Vela Supernova Remnant

Image versions: 900×650 two-color1500×1084 two-color900×650 Hα900×650 O-III

The faint Vela supernova remanant was formed some 11,000 years ago in a supernova explosion. The nebula is thought be at a distance of 800 light years and appears to be embedded in the large Gum Nebula, although the two are considered as separate objects.

The narrow streak near the bottom left corner is the Pencil Nebula (NGC 2736), discovered by John Herschel in the 1830s. The NGC catalog lists it as a galaxy (visually, its appearance is indeed similar to an edge-on galaxy), but it is actually a filament of the Vela SNR with strong O-III emission.
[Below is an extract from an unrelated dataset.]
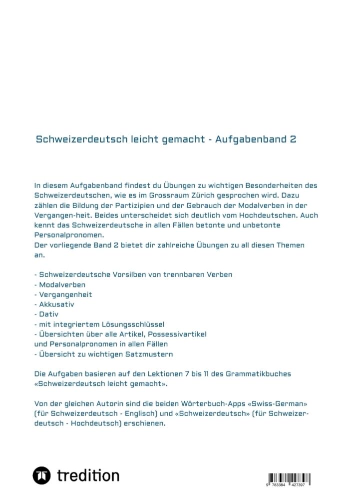 Der Aufgabenband 2 deckt die Kapitel 7 bis 11 des gleichnamigen Grammatikbuches ab. Du findest darin zahlreiche Übungen zu zentralen Eigenheiten des Dialekts wie er im Grossraum Zürich gesprochen wird. Schweizerdeutsch unterscheidet sich in zahlreichen Punkten...

The brightest emission region near the top edge is RCW 33, also known as Gum 17.

Separate four-frame mosaic images were taken through narrow-band (13 nm) H&alpha and O-III (doubly ionized oxygen) filters. The two-color picture was assembled using an approach inspired by Steve Cannistra's bicolor technique. Star sizes reduced by resampling the image 2×, applying a minimum filter, and downsampling it to the original resolution.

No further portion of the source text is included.